Orta okul ve lise binalarının camlarına akşam güneşi vuruyor. Bahçe duvarının arkasına saklanıp, provayı seyrediyoruz gizlice. Ümit’in dediğine göre felsefeci ortalıkta görünmüyormuş. Yine de korkumdan yarım yamalak seyrediyorum gösteriyi. Öğrenciler, bazı öğretmenler, kasabadan birileri toplanmış. Trampeti çaldıkça Gülten’in kumral saçları yüzüne dökülüyor.

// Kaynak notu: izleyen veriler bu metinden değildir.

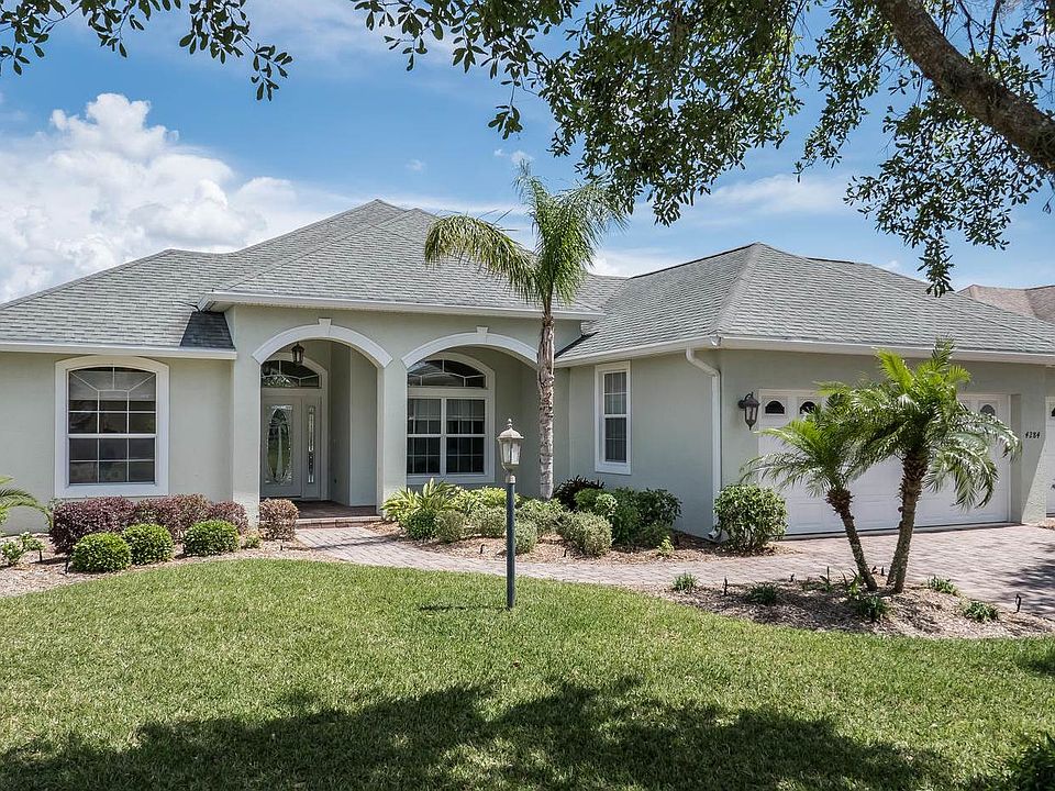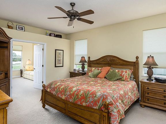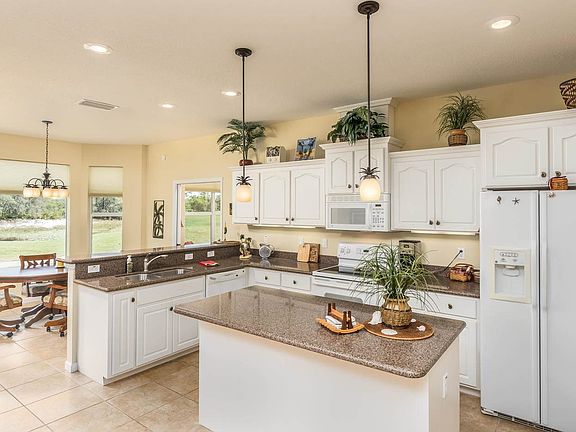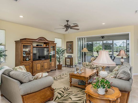 Fabulous 3 BR, plus office golf course home! So many upgrades and features including ceramic flooring, high ceilings, etched glass front door, custom lighting, pavered drive/walkway and 2 car, plus golf cart garage. The chef s kitchen boasts white cabinets with quartz counter-tops, center island, breakfast bar and two pantries. The Owners Suite is spacious and boasts a spa-like bath with double sinks, roomy shower and private water closet. The flex third BR is currently being used as a sitting room from the Owners Suite. The Lanai offers a gorgeous view of golf course and has vinyl windows for those chilly winter evenings. This active adult community offers pickleball, tennis, golf, library, two pools and fitness room.

Biçimli ağzı, gamzeleri yakıcı. Şu saat işi bir de felsefeci olmasa her şey ne kadar da güzel olacaktı.
            O sırada Ümit, kasabanın delisi Ahmet’i işaret ediyor. Bol gelen bir ceket var üzerinde. Pantolon kemerini kazağının üzerinden bağlamış. Bando müziği ve alkışlar eşliğinde tören yürüyüşü yapıyor, dans ediyor, gülüşmeler arasında. 
“Lan koluna bak”, diyor Ümit.
“Ne var ki kolunda?”
“Kırık camlı bir saat var, o bulmuş olmasın?”
Ahmet’i bir köşeye çekip saati kontrol etmeyi planlarken, üst sınıflardan birinin bahçe duvarının üzerinden bize doğru geldiğini fark ediyoruz.
“Ne saklanıyorsunuz lan, orta okul bebeleri?”
“Yok abi oturuyorduk öyle.”
“Sigara mı içiyorsunuz yoksa?”
“Yok abi.”
“Bugün olanları duydunuz mu?”
“Ne oldu ki?”
“Deli felsefeciyi sürmüşler.”
“Sürmüşler mi?”
“Gülten’e mektup yazmış meğer. Mektup da hocaların eline geçmiş birkaç gün önce. Ne zamandır çare arıyormuş adamlar. Dayakçılığına bir şey yapmalarını beklemiyorlarmış ama mektup işine hassastır diye müdüre gitmişler. İş kaymakama yansımış. Anlayacağınız bugün sürmüşler herifi.”
Ümit ile birbirimize bakıyoruz. Karışık figürlerle ortalığı kasıp kavuran deli Ahmet’e doğru koşup oynamaya başlıyoruz.